Relationship between Plasma Lipoprotein-Associated Phospholipase A2 Concentrations and Apolipoprotein in Stable Coronary Artery Disease Patients.

Background: Increasing evidence states that the plasma lipoprotein-associated phospholipase A2 (Lp-PLA2) levels and apolipoprotein particles are regarded as the risk maker for cardiovascular heart disease.

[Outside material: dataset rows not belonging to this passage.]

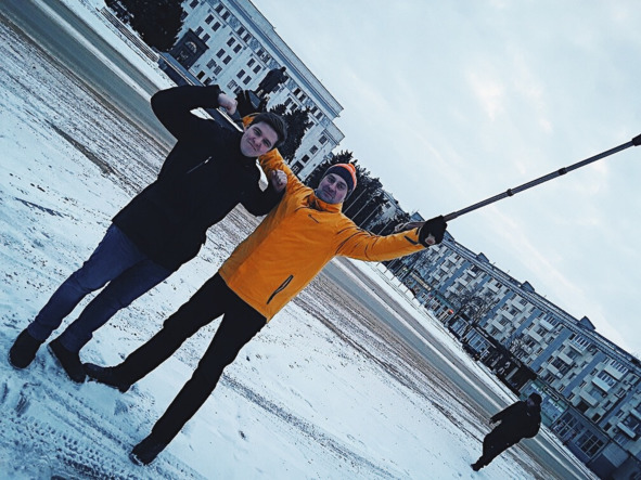 8.30. После завтрака умываемся, одеваемся как можно теплее и собираем оборудование: штатив, камера, микрофон, свет, средство перегона под названием «Дежеро», с помощью которого можно отправлять видеозаписи в Москву и выходить в прямой эфир. Теперь пора ехать в центр города. Благо, до него от нашего дома недалеко.
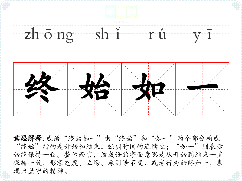 成语“终始如一”由“终始”和“如一”两个部分构成。“终始”指的是开始和结束,强调时间的连续性;“如一”则表示始终保持一致。整体而言,该成语的字面意思是从开始到结束一直保持一致,形容态度、立场、原则等不变,或者行为始终如一,表现出坚守的精神。
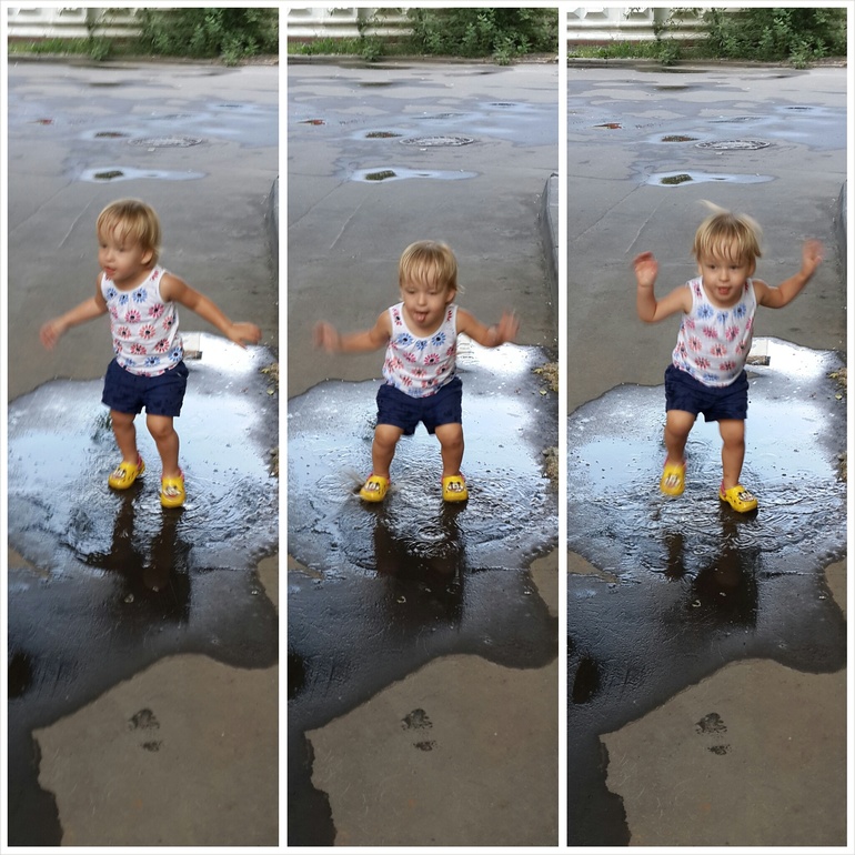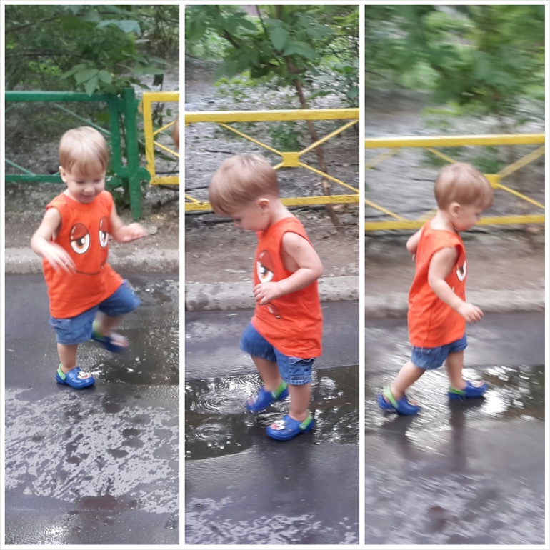 На прогулке самое любимое, если оно есть - это лужи и лужицы, по этому после дождя специально идем гулять и охотится на них предварительно одев кроксы))
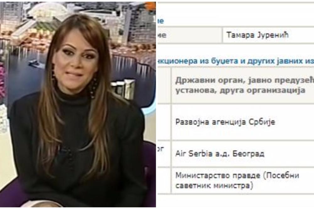 U registru Agencije za borbu protiv korupcije navodi se da je od 25. 12. 2015. Tamara Jurenić posebni savetnik ministra u Ministarstvu pravde i da za ovaj angažman dobija ni manje, ni više nego 107.000 dinara.
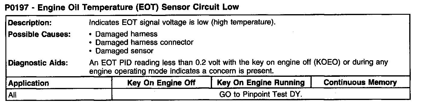 P0197 - Engine Oil Temperature (EOT) Sensor Circuit Low:
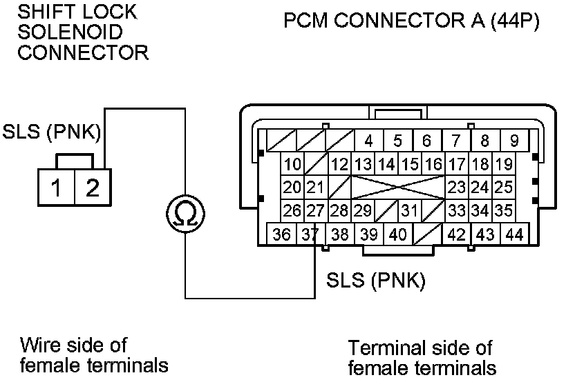 Repair open in the wire between PCM connector terminal A27 and the shift lock solenoid connector.�

Nevertheless, the issue about whether Lp-PLA2 is associated with apolipoprotein particles in individuals who have been diagnosed as stable coronary artery disease (CAD) remains largely unexplored.

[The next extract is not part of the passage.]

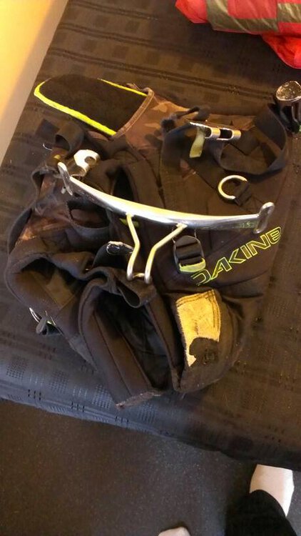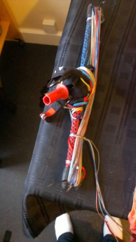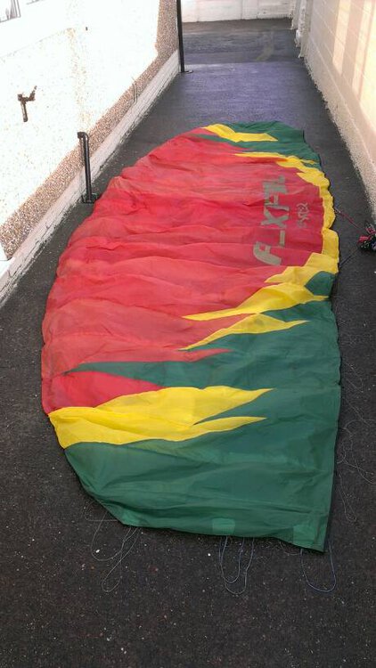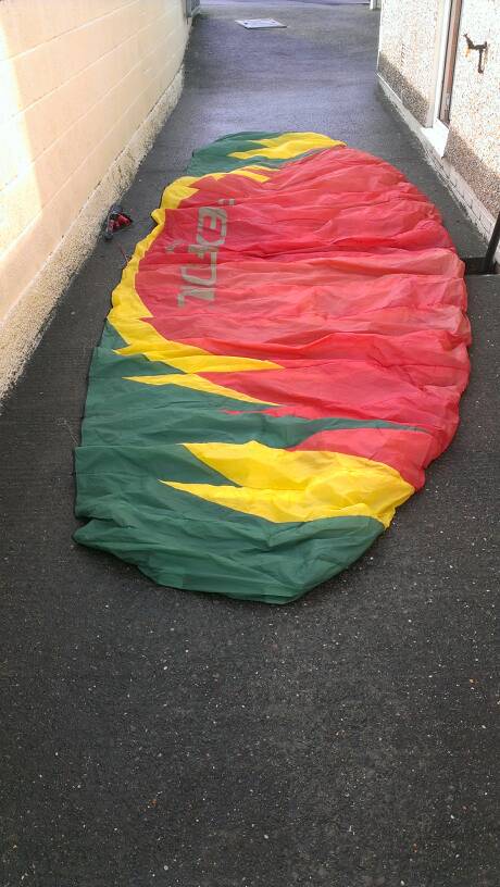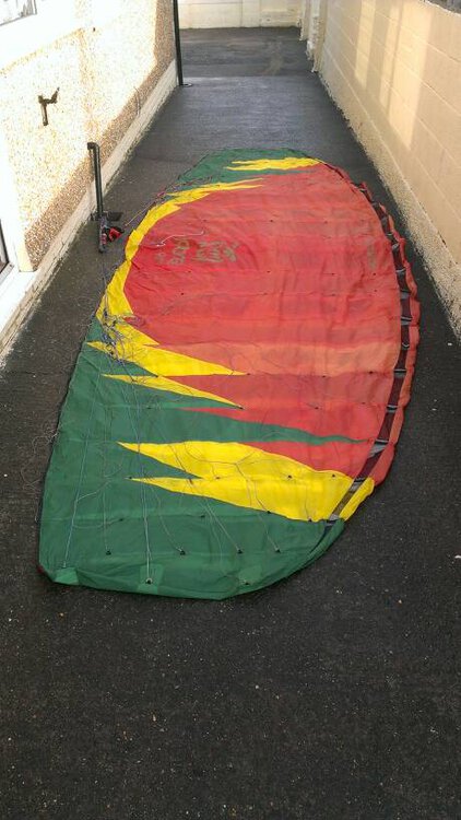 Whilst unpacking realised I parapacked which isn't good for getting it out indoors. I've wrapped the lines on the bar for now but the kite will be packed better for the buyer. Also pictures of the harness I'm willing to throw in free of charge if the buyer wants. This is my only depower so useless for me now.
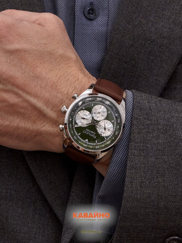 Циферблат в насыщенном зеленом цвете с арабскими цифрами привлекает внимание и делает время легко читаемым. Дополнительные действующие циферблаты позволят вам следить за важной информацией в любое время. Календарь, встроенный в часы, станет незаменимым помощником в планировании ваших дел.

Methods: All 569 participants engaged in this research, who never took lipid-lowering drugs, had been divided into groups by the coronary angiography (CAG), namely, stable CAD: n = 291; non-CAD: n = 278. The results concerning Lp-PLA2 levels were calculated by Elisa Kit, while apolipoprotein particles were measured by the department of laboratory.

Results: The plasma concentration of Lp-PLA2 was remarkably higher in stable CAD group than the non-CAD group (136.0 ± 60.5 ng/mL vs. 113.2 ± 65.6 ng/mL, P < 0.001). Pearson correlation analyses explained the plasma Lp-PLA2 concentration was correlated with apoB (r = 0.390, P < 0.001) and apoB/apoA1 (r = 0.450, P < 0.001), not associated with apoA1 (r = -0.099, P = 0.101). Conversely, the association remains unobserved among non-CAD patients except apoA1. Moreover, multiple linear regression revealed the relations between Lp-PLA2 concentrations and apoB (β = 0.390, P < 0.001), as well as apoB/apoA1 (β = 0.450, P < 0.001), but not apoA1 (β = -0.099, P = 0.121). After adjustment for several risk factors regarding CAD, like hypertension, gender, smoking, age, and diabetes mellitus, there had still been positive associations between the Lp-PLA2 concentration and apoB (β = 0.364, P < 0.001), as well as apoB/apoA1 (β = 0.390, P < 0.001).

Conclusions: The plasma levels of Lp-PLA2 provide positively a key link with apoB, apoB/apoA-1 among stable CAD, denoting the communication between Lp-PLA2 and apolipoprotein particles in the state of CAD.